»»

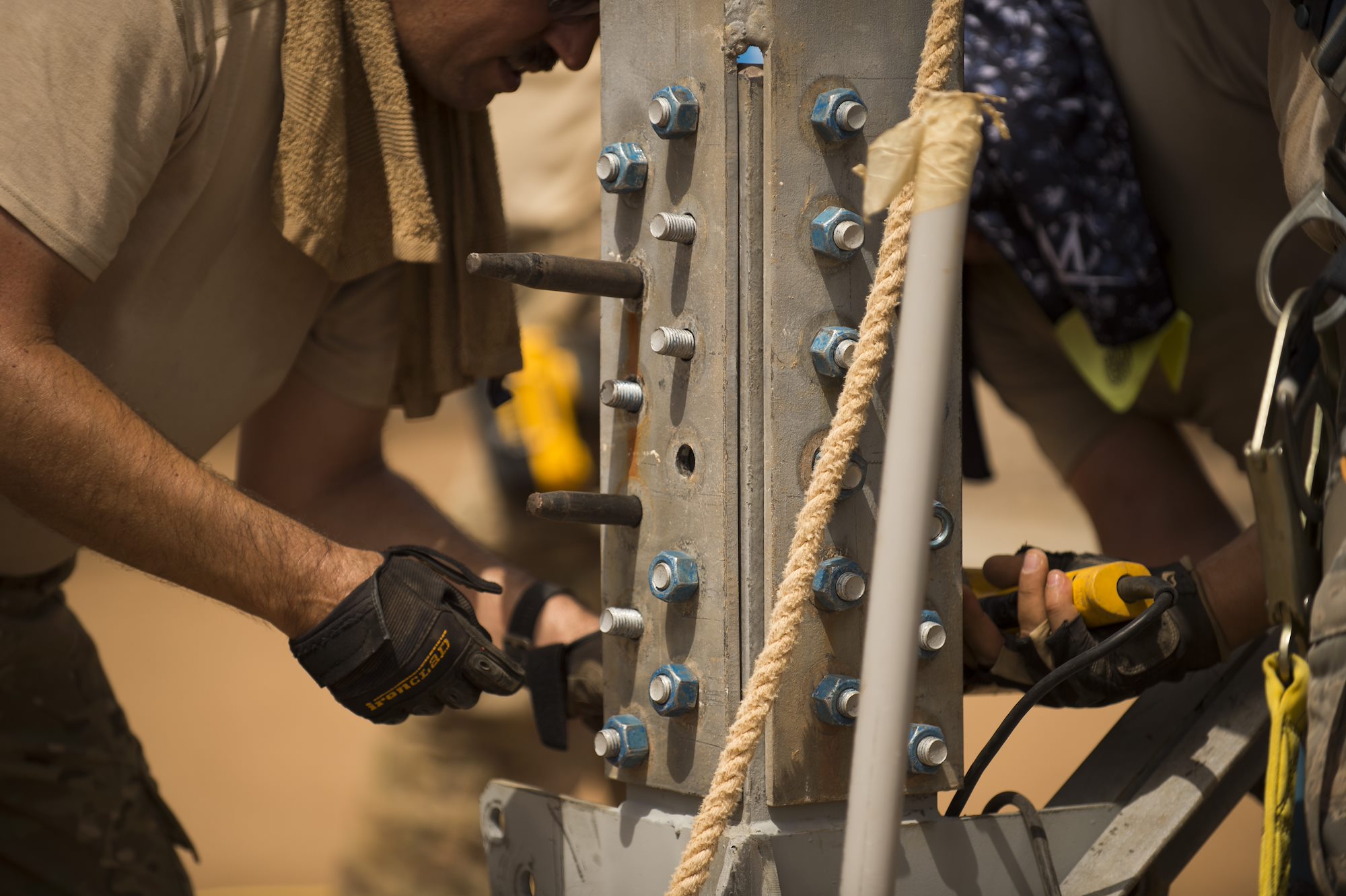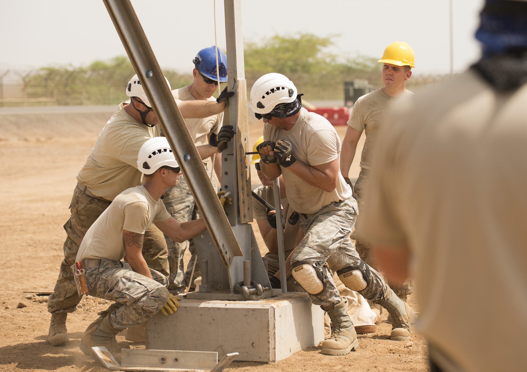 CAMP LEMONNIER, Djibouti- U.S. Air Force Airmen of the 205th Engineering Installation Squadron, out of Oklahoma City, line up pieces of the metal frame during construction of an AN/GPN-27 Airport Surveillance Radar System tower, May 26, 2016, at Camp Lemonnier, Djibouti. The new radar is a more permanent replacement for the short-term radar currently in operation. (U.S. Air Force photo by Staff Sgt. Tiffany DeNault)
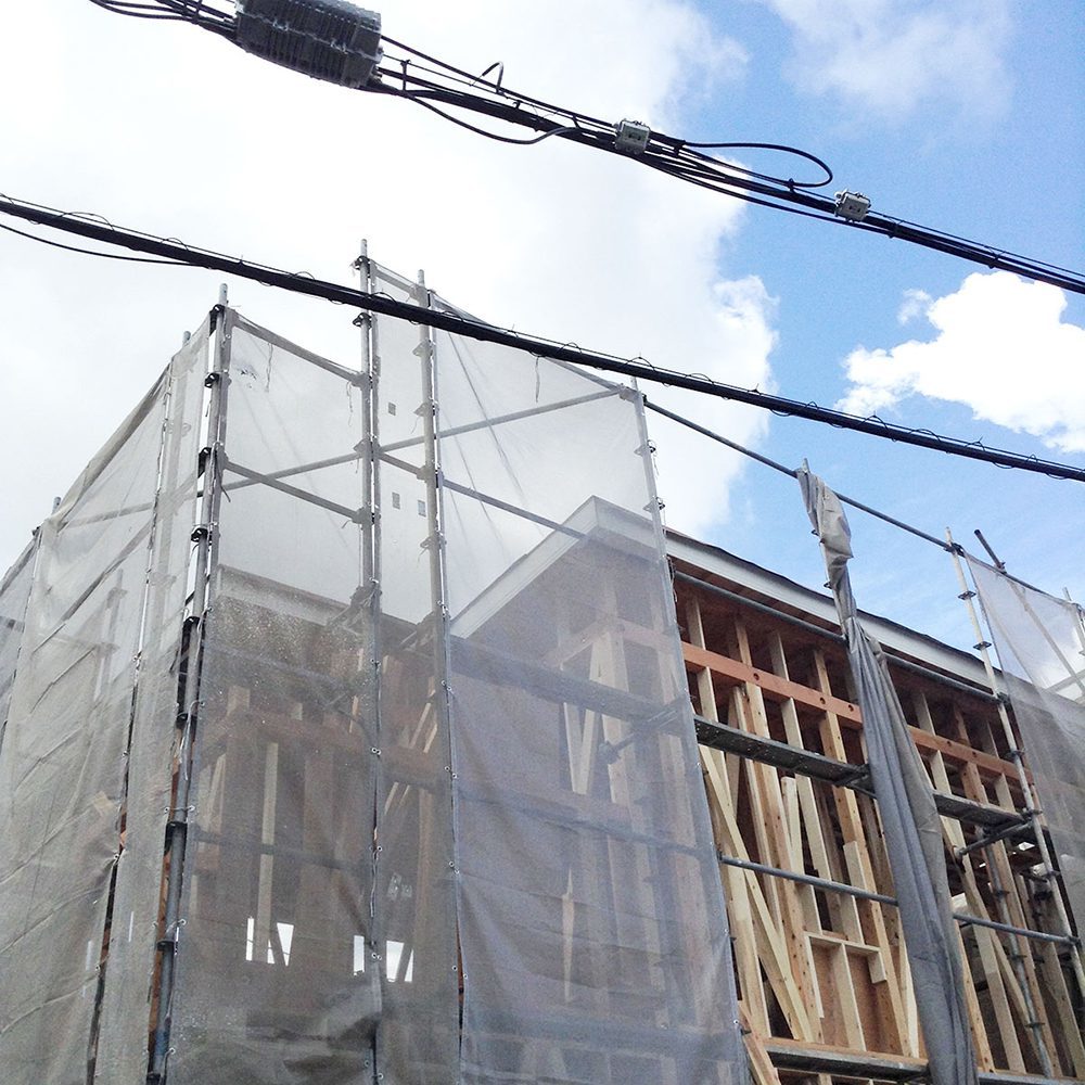 この日は中も見せていただきましたが、上棟式が終わったところでしたので、太い柱や筋交いなどが縦横無尽に走っているのがしっかり確認できましたよ。
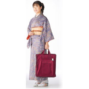着物を吊り下げた状態で収納し、シワや型崩れを防ぎながら持ち運べる安心設計です。天板入りでバッグがつぶれにくく、小物収納に便利なポケット類も豊富。着物を愛用する人の気持ちに寄り添い、隅々まで思いやりが施されています。
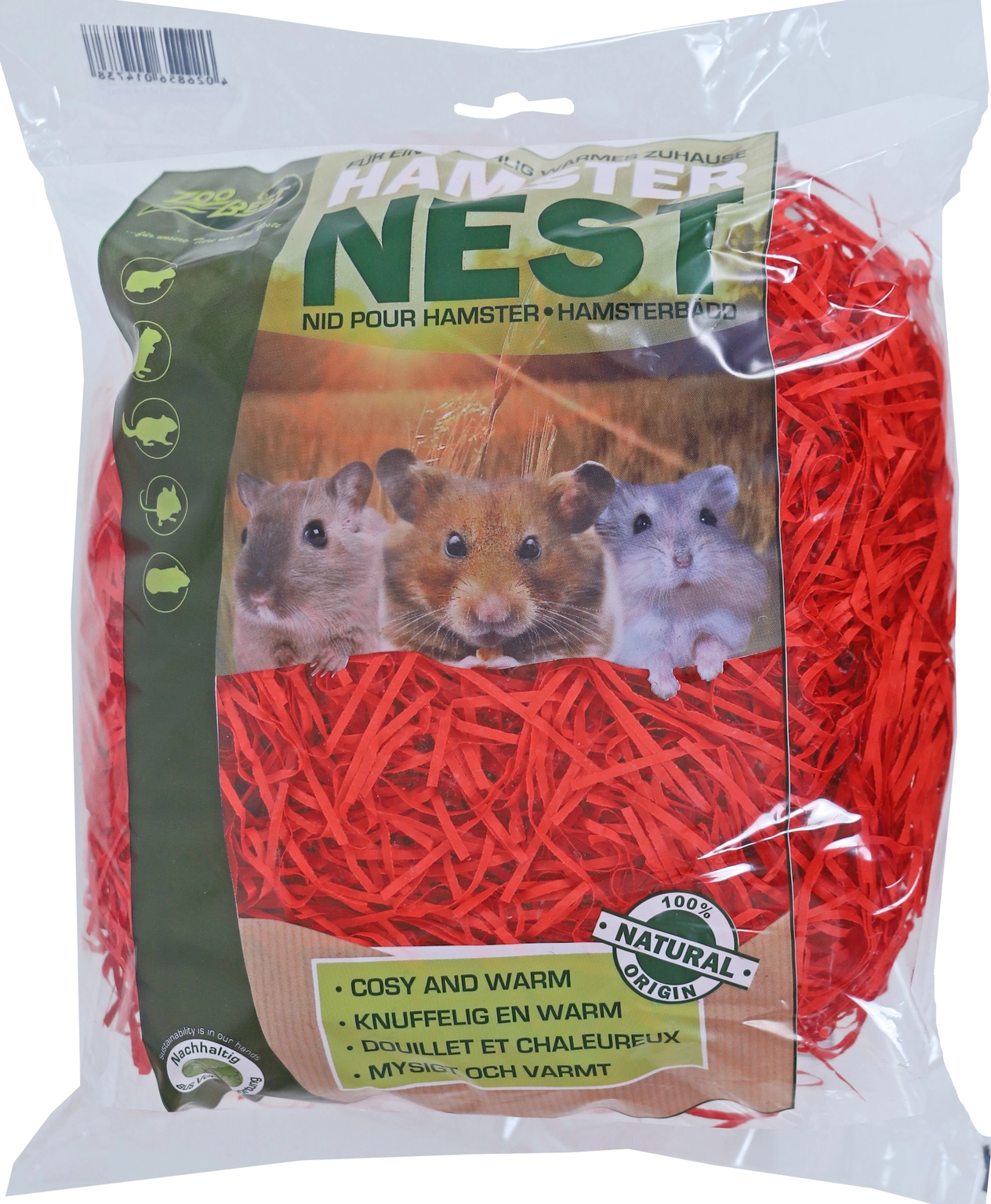 Zoobest hamsternest papier biedt een veilige en eetbare nestoptie voor hamsters en andere knaagdieren. Het nest is volledig gemaakt van zachte papierstroken, waardoor het comfortabel en knus is voor uw huisdier. Met een keuze uit 4 verschillende kleuren en beschikbaar 100 gram - kunt u het nestmateriaal aanpassen aan de voorkeuren en behoeften van uw huisdier. Het feit dat het nest volledig uit papier bestaat, maakt het niet alleen veilig voor uw huisdier om te gebruiken, maar ook milieuvriendelijk. Zoobest hamsternest papier biedt een gemakkelijke en effectieve manier om een gezellige leefomgeving te creëren voor uw geliefde knaagdier.
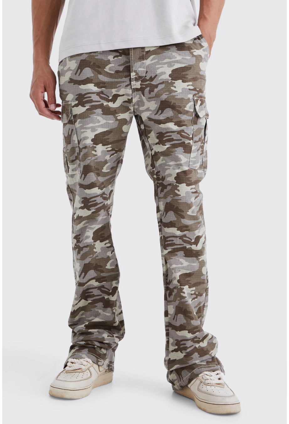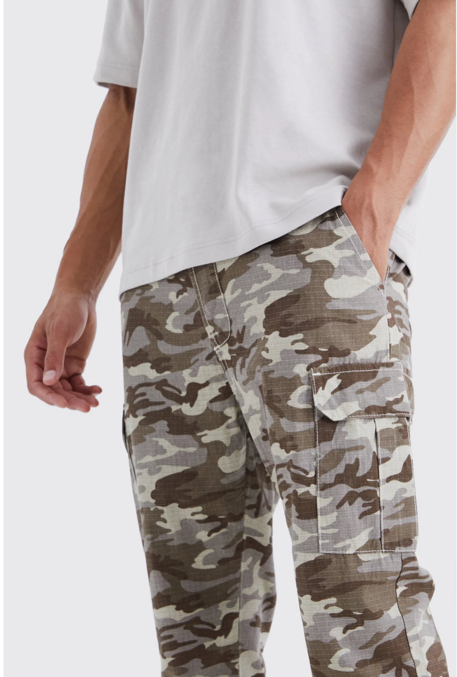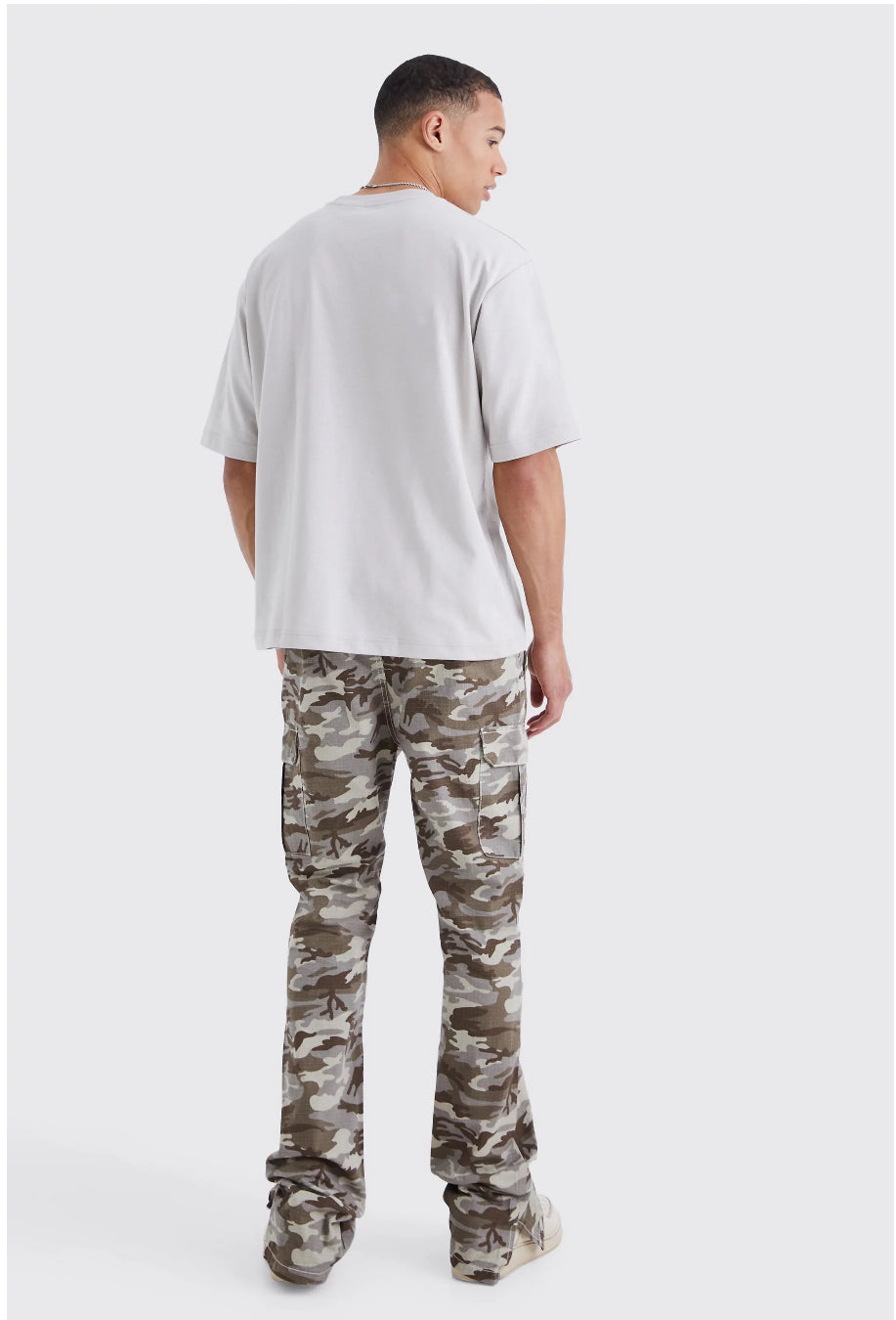 Tall Slim Stacked Ripstop Split Hem Cargo Camo Trouser

««

§ EXERCISE OBJECTIVE: Transcribe all the material exactly; skip every image.

§ FINISHED EXERCISE:
 CAMP LEMONNIER, Djibouti- U.S. Air Force Airmen of the 205th Engineering Installation Squadron, out of Oklahoma City, line up pieces of the metal frame during construction of an AN/GPN-27 Airport Surveillance Radar System tower, May 26, 2016, at Camp Lemonnier, Djibouti. The new radar is a more permanent replacement for the short-term radar currently in operation. (U.S. Air Force photo by Staff Sgt. Tiffany DeNault)
 この日は中も見せていただきましたが、上棟式が終わったところでしたので、太い柱や筋交いなどが縦横無尽に走っているのがしっかり確認できましたよ。
着物を吊り下げた状態で収納し、シワや型崩れを防ぎながら持ち運べる安心設計です。天板入りでバッグがつぶれにくく、小物収納に便利なポケット類も豊富。着物を愛用する人の気持ちに寄り添い、隅々まで思いやりが施されています。
 Zoobest hamsternest papier biedt een veilige en eetbare nestoptie voor hamsters en andere knaagdieren. Het nest is volledig gemaakt van zachte papierstroken, waardoor het comfortabel en knus is voor uw huisdier. Met een keuze uit 4 verschillende kleuren en beschikbaar 100 gram - kunt u het nestmateriaal aanpassen aan de voorkeuren en behoeften van uw huisdier. Het feit dat het nest volledig uit papier bestaat, maakt het niet alleen veilig voor uw huisdier om te gebruiken, maar ook milieuvriendelijk. Zoobest hamsternest papier biedt een gemakkelijke en effectieve manier om een gezellige leefomgeving te creëren voor uw geliefde knaagdier.
 Tall Slim Stacked Ripstop Split Hem Cargo Camo Trouser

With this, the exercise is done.